Окончание. См. начало.

Вход к нам, по показанию Московитян, открыт был для всех, но на самом деле для очень немногих. Не говоря уже о том, что никто из иностранцев не смел когда-нибудь взглянуть и издали на наши домы, многие из часто бывали остановлены стрельцами, чтобы не входит к нам, либо по приказанию, либо из дерзости, тогда как мы этого и не знали, а потом и у прочих отбивали охоту от этого покушения примером испытанного им отказа. Потому что если какой-нибудь военный из них, в видах осторожности, просил у своего начальника, Московского Воеводы, позволения навестить нас, ему хоть и не отвечали отказом, но подавали дружеский совет, чтобы поудержался от этих вежливостей, а то, пожалуй, навлечет на себя подозрение Великого Князя. Строжайше запрещено было тоже пускать к нам женщин какого бы то ни было звания.
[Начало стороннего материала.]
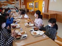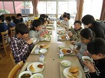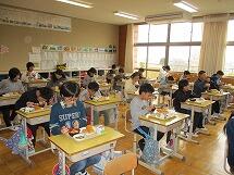 今日から、給食週間です。給食委員から給食の始まりの話がありました。明治22年山形県鶴岡市のお寺の小学校で、握り飯・漬け物だったそうです。また交流給食が始まりました。違う学年の児童と一緒に給食をいただきます。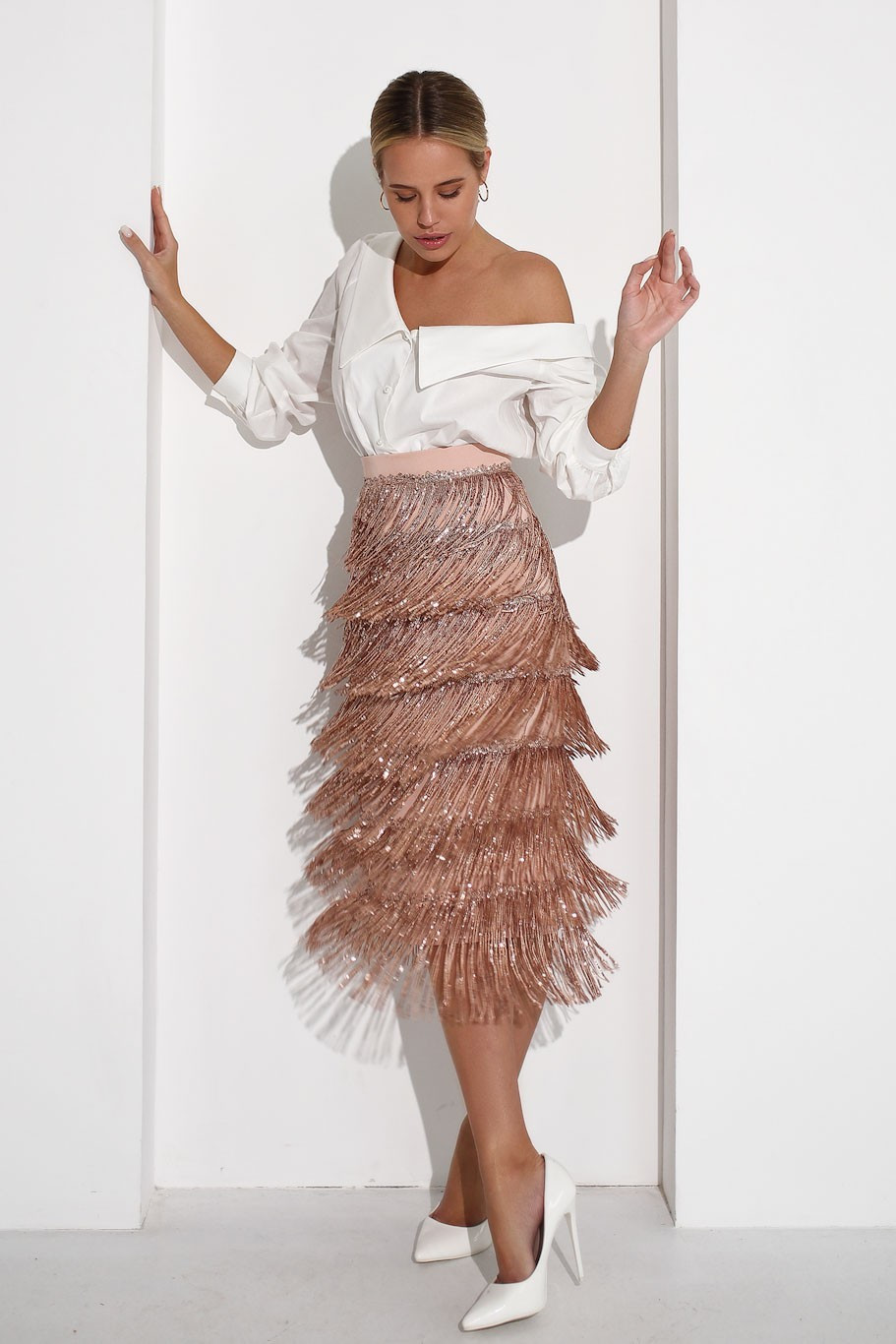Великолепная юбка карандаш с высокой талией, расшитая бахромой из пайеток. Идеальный образ для праздничного мероприятия дополнит блуза из хлопка или шелка из нашей коллекции.
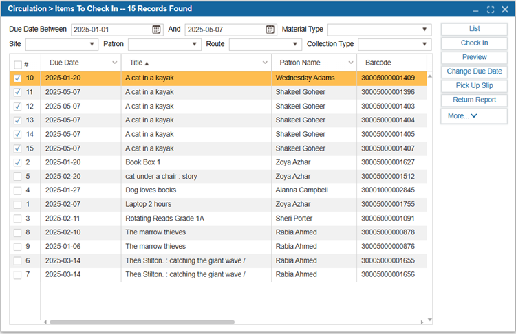 The Items To Check In window provides library staff with a convenient way to view, filter, and process the return of multiple items that are due within a selected date range.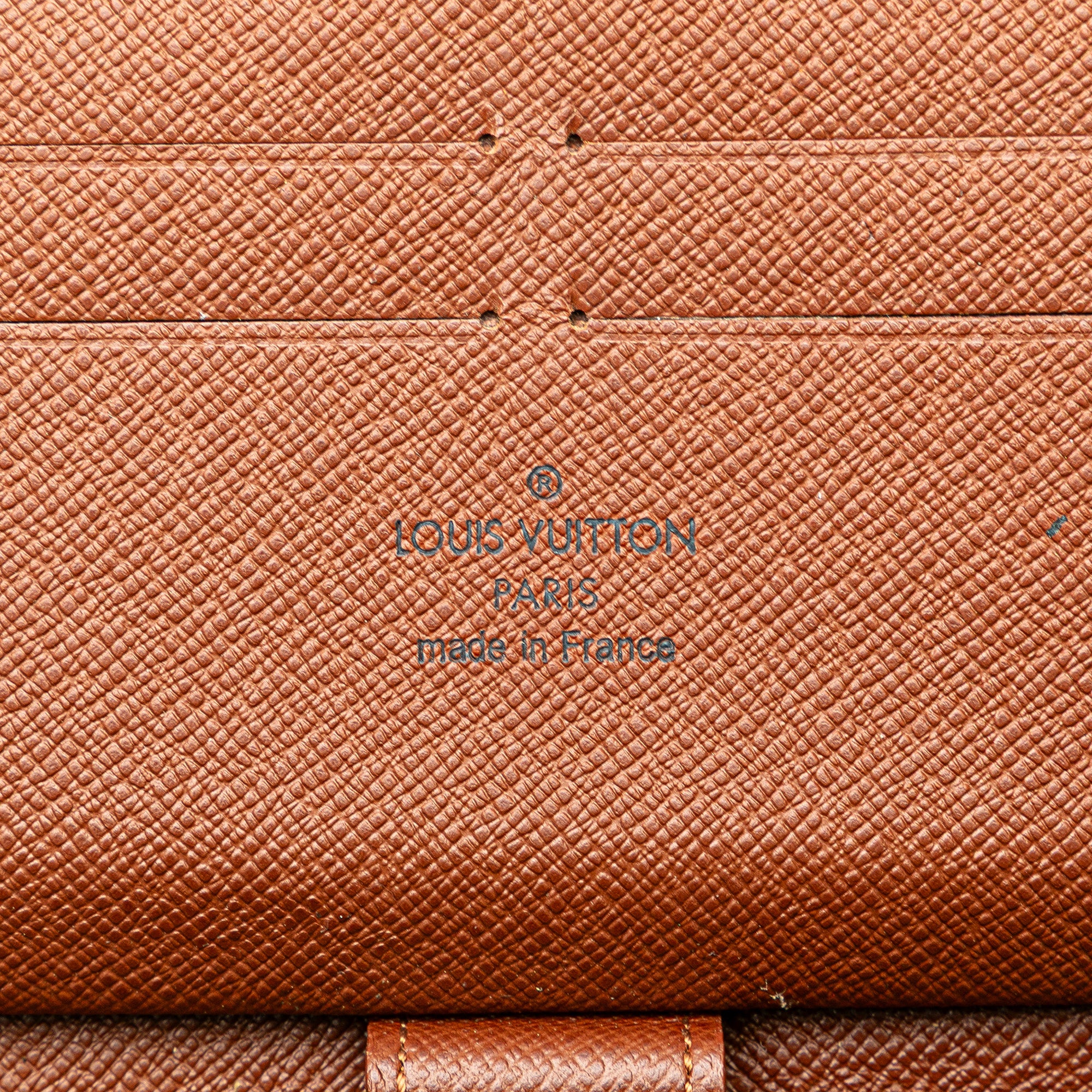 This organizer wallet features a monogram canvas body, a zip around closure, and interior zip and slip compartments. Retail Price: 1000.00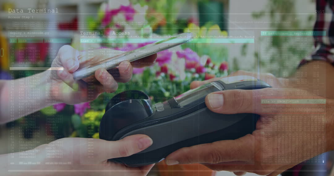 Overlay of financial data on an video depicting hands engaged in a mobile payment transaction next to vibrant flowers. Illustrates modern retail technologies focusing on seamless consumer experience with emphasis on digital and contactless payment methods. Useful for advertisements in financial services, technology blogs, or modern business solutions to highlight convenience and efficiency in payment processing.
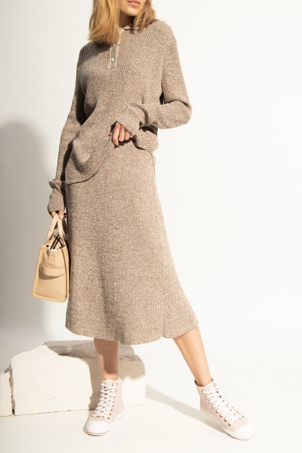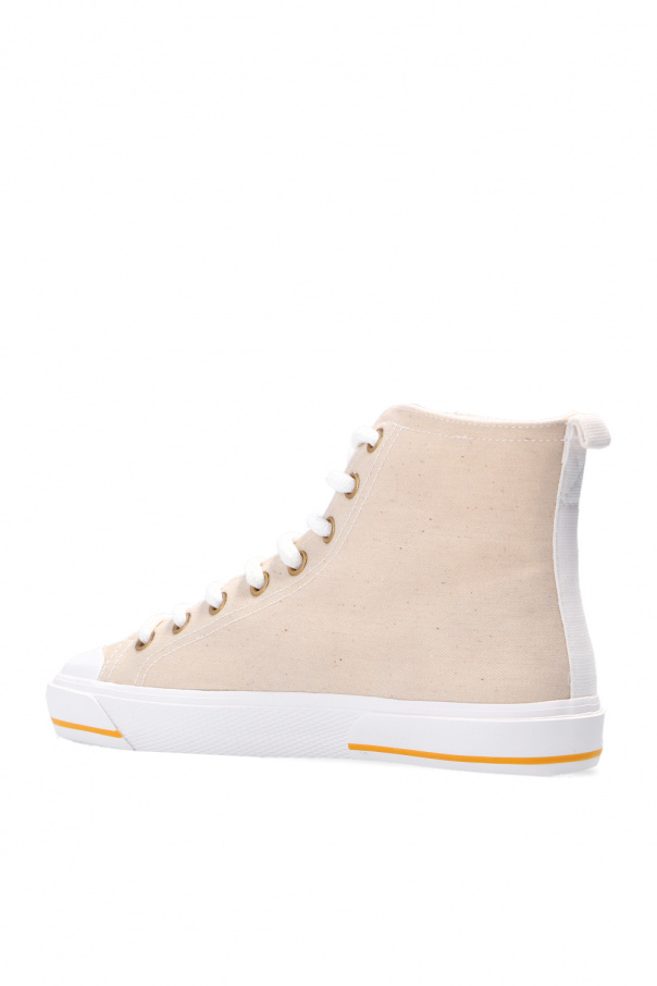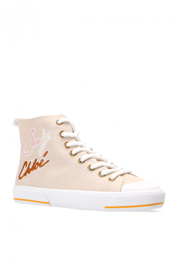 Cream 'Aryana' sneakers from See By Chloé. Crafted from cotton, this lace-up pair sits on a white and orange rubber sole and showcases an embroidered white appliqué and a colourful logo.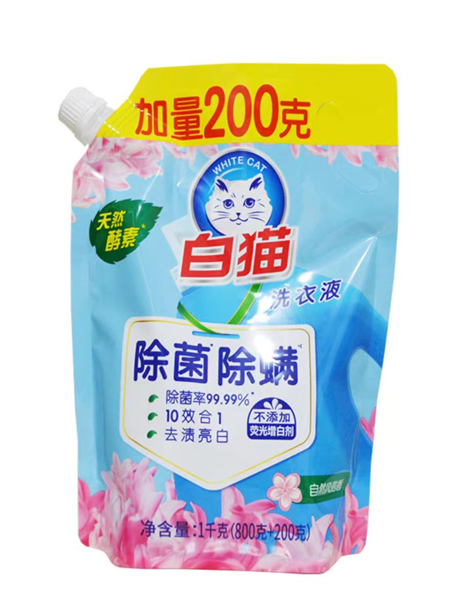 白猫除菌除螨洗衣液(袋装)1*10*1kg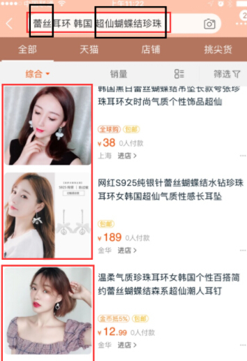 那要是我們的店鋪的曝光詞很多,但是買家沒有點(diǎn)擊呢?這個(gè)時(shí)候我們就需要仔細(xì)分析了。舉個(gè)例子,比如:蕾絲耳環(huán) 韓國 超仙蝴蝶結(jié)珍珠。

... Москвитяне, всегда пропахшие чесноком и луком, все без различия ходять часто в бани и, закаленные привычкою, подвергают себя без перемежки влиянию чрезвычайного жара и стужи, без всякого вреда для здоровья. ... многие доживают до глубокой старости, не испытавши никогда и никакой болезни. Там можно видеть сохранивших всю силу семидесятилетних стариков, с такою крепостью в мускулистых руках, что выносят работу вовсе не под силу нашим молодым людям. ... Москвитяне говорят, однако ж, будто бы это больше от того, что они пренебрегают врачебным искусством. Во всей Московии нет ни одного врача, ни лекаря, и хотя в мое время Царь давал при своем дворце довольно щедрое содержание 3-м врачам, но это надобно приписать только его подражанию иноземным Государям, потому что ни сам он никогда не пользуется их трудами, ниже кто-либо другой из Московитян. Захворавшие презирают все правильные средства Иппократа, едва позволяя себе прикладывать наружные лекарства. Скорее прибегнуть к заговорам старух и Татар.  А при отвращении от пищи и для утоления жара употребляют водку и чеснок.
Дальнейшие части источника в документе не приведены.